These are due to an aberrant pathway (rarely multiple pathways) linking atrium and ventricle, bypassing the normal conducting system. The best-known clinical syndrome is Wolff-Parkinson-White Syndrome (WPW) where the aberrant pathway is known as the Bundle of Kent.

Figure 7: AV Re-entrant Tachycardia;
Wolff-Parkinson White syndrome: early depolarisation of ventricular tissue via an aberrant pathway (Bundle of Kent)

WPW: ECG abnormalities in sinus Rhythm:

In sinus rhythm conduction is usually via both pathways, with rapid transmission through the accessory pathway causing ventricular pre-excitation, but most ventricular depolarisation occurring normally via the Bundle of His.

This is represented on the resting ECG (see Figure 8) with:

• Short PR interval (≤120ms)
• Slurred upstroke of the R wave known as a delta wave (from ventricular pre-excitation via accessory pathway, bypassing the slower AV node)
• Wide QRS complex (>120ms)
• Discordance (in the opposite direction to the QRS) of the ST-segment & T-wave is also common, due to the abnormal direction of depolarisation & repolarisation

Sometimes the accessory pathway can only conduct retrogradely, in which case normal AV conduction occurs through the AV node and the ECG is normal in sinus rhythm (a ‘concealed’ accessory pathway).

Figure 8: The ECG Complex in WPW when in sinus rhythm

AV Re-entry Tachycardias:

There are two patterns, orthodromic and antidromic, referring to the direction of flow in the accessory pathway. Antidromic is much less common, in under 10% of WPW.

Figure 9:
Left: Orthodromic re-entrant tachycardia
Right: Antidromic re-entrant tachycardia

(i) Orthodromic Re-Entry Tachycardia

Occurs when a premature atrial impulse is transmitted via the AV node antegradely to the ventricles, then retrogradely back up the accessory pathway, depolarising the atria then passing back via the AV node and down the Bundle of His.

P waves will therefore be present, but inverted and will follow the QRS, and the delta wave disappears. (see figure 10).

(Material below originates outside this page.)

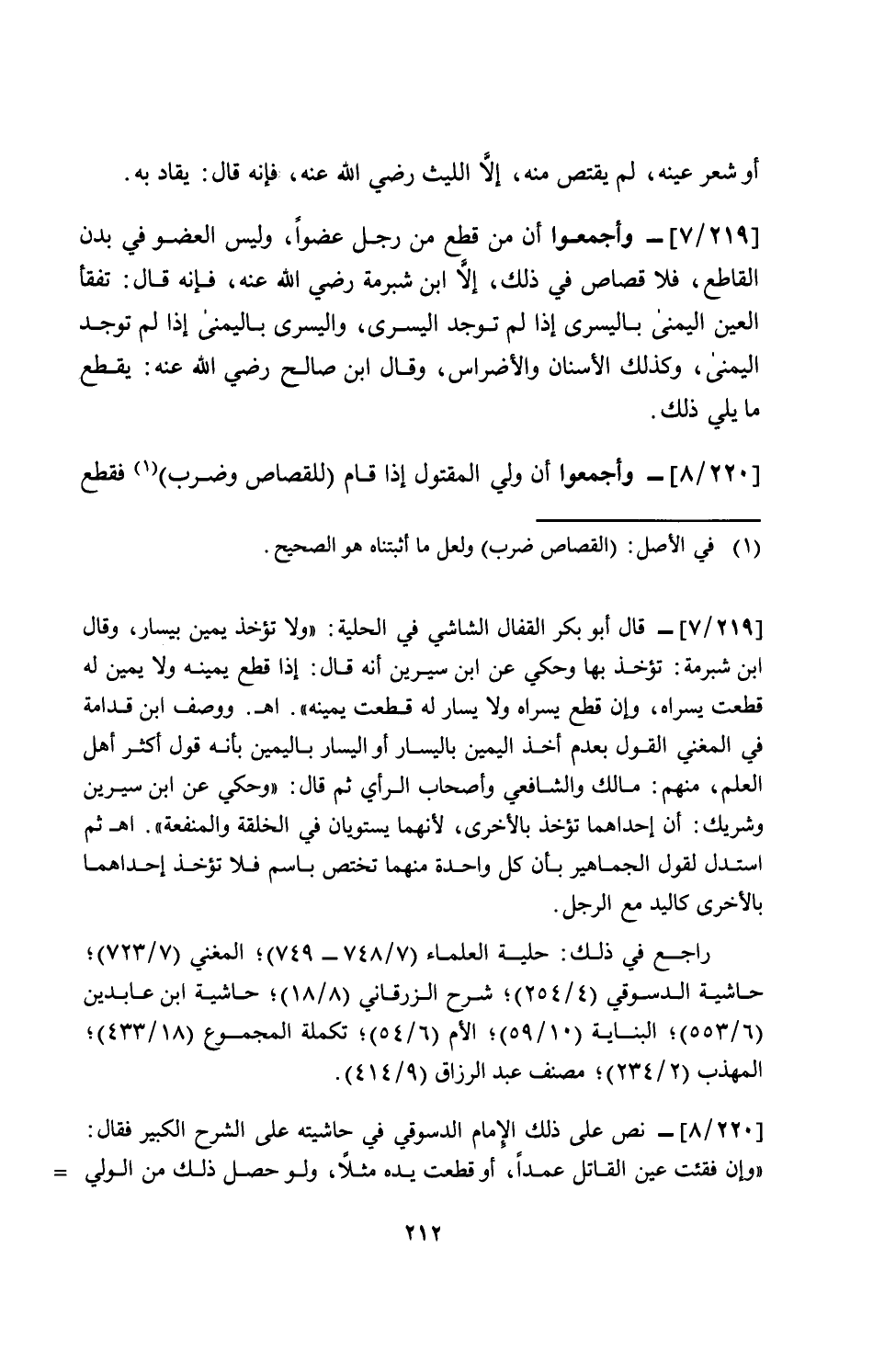 [220/ 8]- وأجمعوا أن ولي المقتول إذا قام (للقصاص وضرب) فقطع
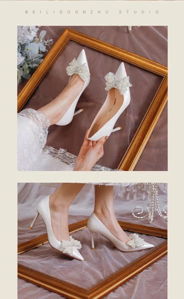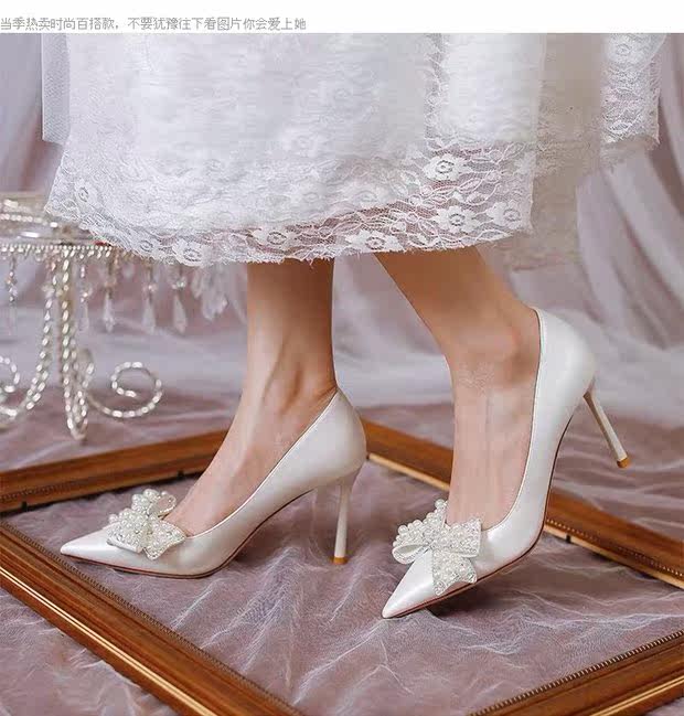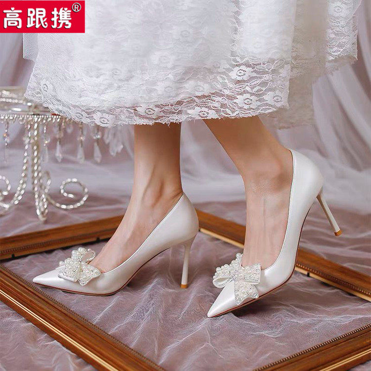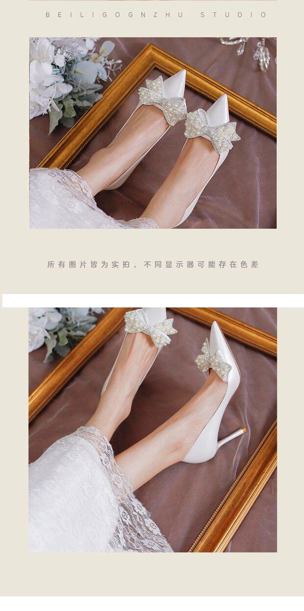 Белая универсальная обувь на высоком каблуке с бантиком с заостренным носом, 2021 года, французский стиль

(ii) Antidromic re-entry tachycardia

Conduction is antegrade, delivering the impulses to tissue in the right ventricle not specialised for conduction. Ventricular depolarisation spreads from this point, leading to a widened and abnormal QRS (see figure 10).

Retrograde conduction through the AV node leads to atrial depolarisation, and consequently the P waves will be buried in the wide and abnormal QRS. This rhythm may be indistinguishable from ventricular tachycardia unless a previous ECG is available- one clue is that the re-entry tachycardia will be exactly regular.

Figure 10: Rhythm Strip showing typical appearances of orthodromic and antidromic re-entry tachycardia

Cardinal features of WPW:

In sinus rhythm, the ECG may be completely normal or there may be a short PR interval, slurred upstroke of the R wave known as a delta wave, and right (type A) or left (type B) bundle branch block pattern QRS abnormalities (see Figure 11).

During episodes of re-entry tachycardia:

1. Orthodromic– narrow complexes, no delta wave, inverted P waves follow QRS
2. Antidromic– wide aberrant complexes, no visible P waves

Figure 11: QRS abnormalities in WPW

Treatment of re-entry tachycardias:

Measures to increase AV block may terminate the arrhythmia by blocking the re-entry circuit:

• Synchronised DC cardioversion if haemodynamically unstable, or if failed vagal & drug therapy
• Vagal manoeuvres, e.g. Modified Valsalva Manoeuvre- asking patient to blow into 20ml syringe, followed by repositioning them supine with passive leg raise
• Adenosine potent if vagal manoeuvres fail, in orthodromic
• Diltiazem, Verapamil & Beta-Blockers may be appropriate if failure to respond to vagal manoeuvres & adenosine in orthodromic AVRT
• If distinguished from VT, treatment of antidromic AVRT may involve Class I antiarrhythmics
• Outside of the acute episode, catheter ablation is recommended for symptomatic recurrent AVRT.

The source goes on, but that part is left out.